Panorama: Drohnenvorfall am Flughafen Leipzig/Halle
Berlin () – Nach dem Fund einer mit Militärsprengstoff bestückten Drohne am Flughafen Leipzig/Halle prüfen die Sicherheitsbehörden Ermittlungen wegen eines mutmaßlichen Sabotageakts unter möglicher Spionagebeteiligung. Das berichtet die „Bild“ (Freitagausgabe) unter Berufung auf Sicherheitskreise. Demnach handelte es sich bei dem Flugobjekt um eine professionelle Eigenkonstruktion, die gezielt darauf ausgelegt war, die Abwehrsysteme des Flughafens zu umgehen.
Als Reaktion auf die veränderte Sicherheitslage hat Bundesinnenminister Alexander Dobrindt (CSU) laut „Bild“ für Ende August eine internationale Krisenkonferenz von EU-Innenministern in Flensburg anberaumt.

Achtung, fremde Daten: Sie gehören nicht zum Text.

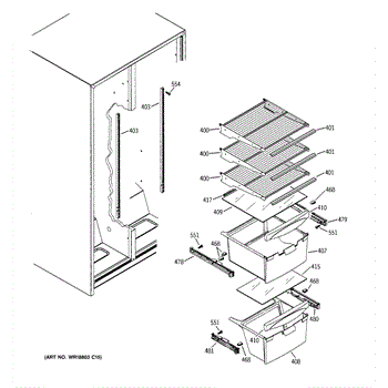 Cantilever shelf track for refrigerators. Mounts to the interior wall to support adjustable shelving. Replace if cracked, broken, or damaged.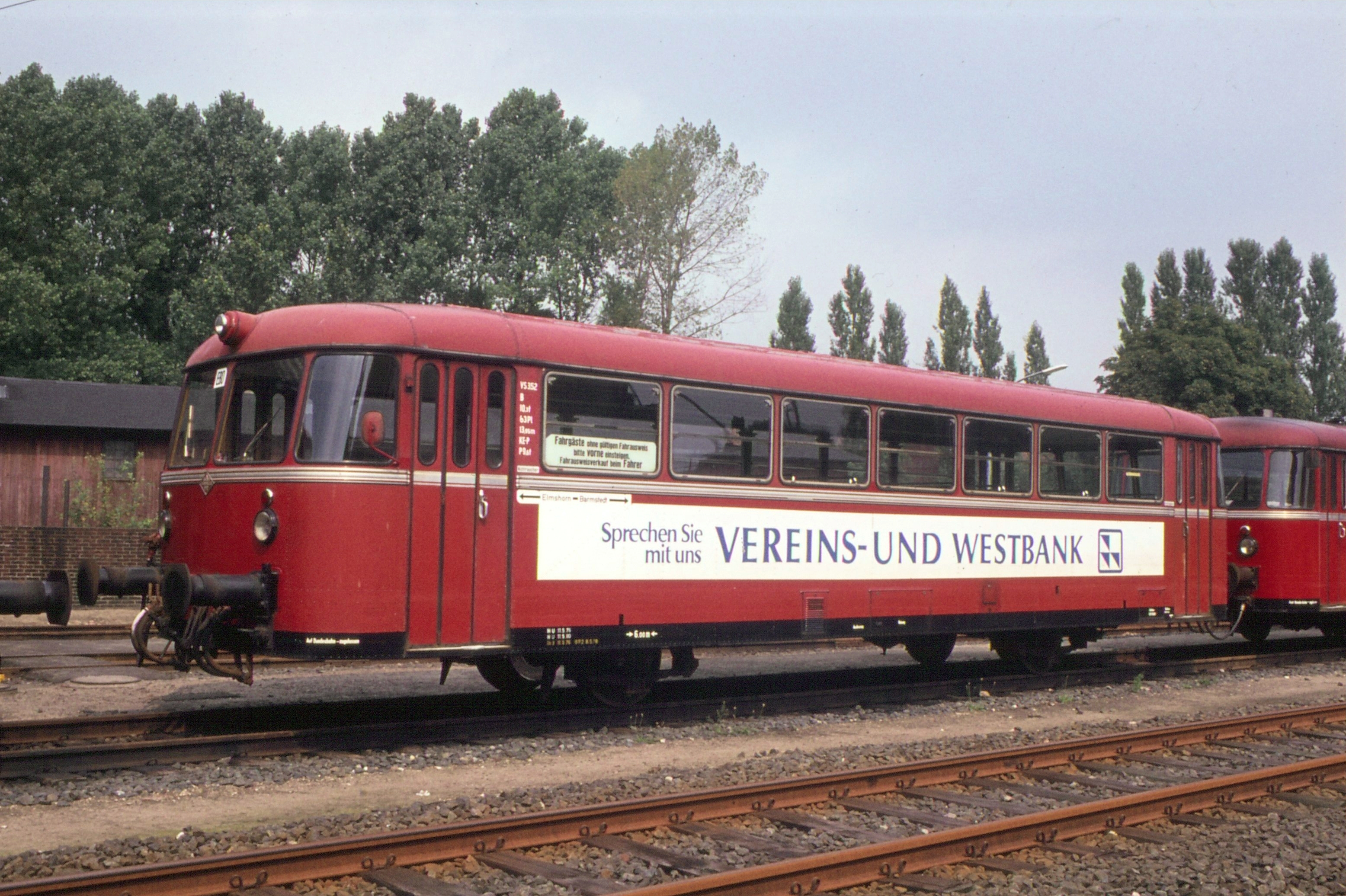 Diese Aufnahme zeigt den Steuerwagen VS 3.52 in Barmstedt vor dem Lokschuppen. Dahinter ein unbekannter Motorwagen. Die Aufnahme stammt aus dem August 1978.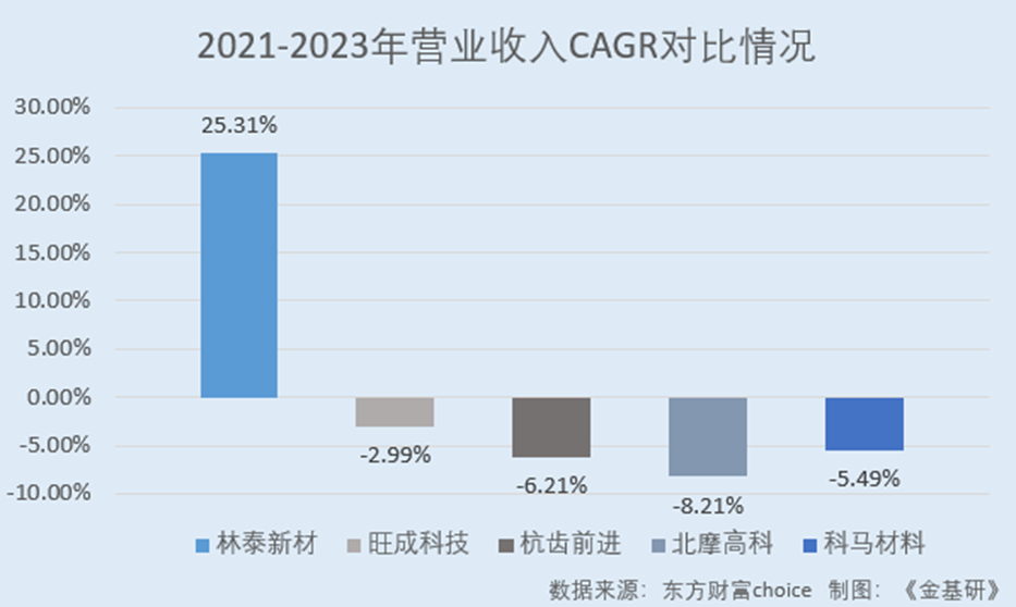 據東方財富choice數據,2021-2023年,林泰新材同行業(yè)可比公司重慶市旺成科技股份有限公司(以下簡稱“旺成科技”)、杭州前進齒輪箱集團股份有限公司(以下簡稱“杭齒前進”)、北京北摩高科摩擦材料股份有限公司(以下簡稱“北摩高科”)、浙江科馬摩擦材料股份有限公司(以下簡稱“科馬材料”)的營收CAGR分別為-2.99%、-6.21%、-8.21%、-5.49%;歸母凈利潤CAGR分別為1.79%、18.75%、-28.25%、-17.32%。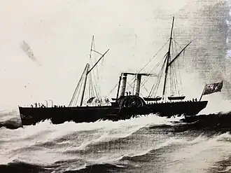 Under the command of Captain Quayle, Douglas made her inaugural crossing from Douglas to Liverpool on Tuesday, 6 July 1858.[3] She achieved over 17 knots (31 km/h; 20 mph) on the trip and immediately broke the record for the crossing time between Douglas and Liverpool, achieving a time of 4 hours 20 minutes.This broke the previous record of 4 hours 50 minutes set in September 1856 by SS Mona's Queen .[5] On her return run to the Isle of Man, Douglas would routinely record a passage time of 4 hours 40 minutes. Ancillary work consisted of charter sailings and day excursions, one of which was on 14 October 1859, when Douglas made an excursion to Holyhead, Wales, to see the ocean liner SS Great Eastern.[6] On another occasion, she was chartered to Henderson's of Belfast, Ireland, for three weeks for the then-notable fee of £200 per week.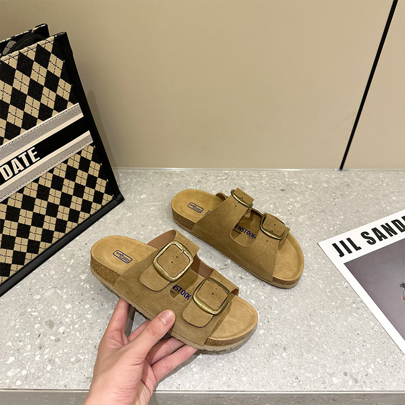 反絨皮の本革のサンダルの女性は夏に2025の新型の厚い底のベーケンのサンダルの女性を着てボーケンの靴を漕いでいます。

Nach Erkenntnissen der Ermittler war die Drohne mit einer hochexplosiven Mischung aus den Militärsprengstoffen Semtex und PETN präpariert, heißt es in dem Bericht. Ein technischer Defekt am Zünder verhinderte offenbar eine Detonation in der Nähe von Frachtflugzeugen der ukrainischen Fluggesellschaft Antonov Airlines.
Aufgrund von Spezial-Akkus hatte das Fluggerät die Möglichkeit, länger als normal in der Luft zu bleiben, hieß es weiter. Weil die Drohne von der Sensorik des Flughafens nicht erfasst wurde, gibt es den Verdacht, dass den Tätern vertrauliche Details über die Leipziger Sicherheitsarchitektur vorlagen. Die Ermittler gehen laut Bericht Hinweisen auf mögliche Spionage nach.

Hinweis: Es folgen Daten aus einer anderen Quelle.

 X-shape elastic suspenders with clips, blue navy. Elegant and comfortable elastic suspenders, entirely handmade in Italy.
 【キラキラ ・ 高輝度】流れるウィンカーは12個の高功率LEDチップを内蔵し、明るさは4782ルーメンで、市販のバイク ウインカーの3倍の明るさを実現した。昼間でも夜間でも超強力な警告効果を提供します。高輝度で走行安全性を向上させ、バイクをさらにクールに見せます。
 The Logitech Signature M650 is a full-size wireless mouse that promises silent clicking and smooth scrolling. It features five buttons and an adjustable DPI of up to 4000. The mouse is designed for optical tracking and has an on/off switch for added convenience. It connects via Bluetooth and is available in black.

Angesichts der neuen Qualität hybrider Bedrohungen will Dobrindt die Innenminister der osteuropäischen EU-Staaten sowie der Ostsee-Anrainerstaaten zu einem Sondergipfel nach Schleswig-Holstein einladen. Das Treffen soll Ende August in der Marineschule Mürwik in Flensburg stattfinden. Zu den Teilnehmern gehörten unter anderem die Ressortchefs aus den baltischen Staaten, Polen, Schweden, Norwegen und Dänemark, hieß es. Ziel der Beratungen ist die Koordinierung einer gemeinsamen Verteidigungsstrategie gegen unbemannte Flugsysteme und die Stärkung des Schutzes kritischer Infrastruktur.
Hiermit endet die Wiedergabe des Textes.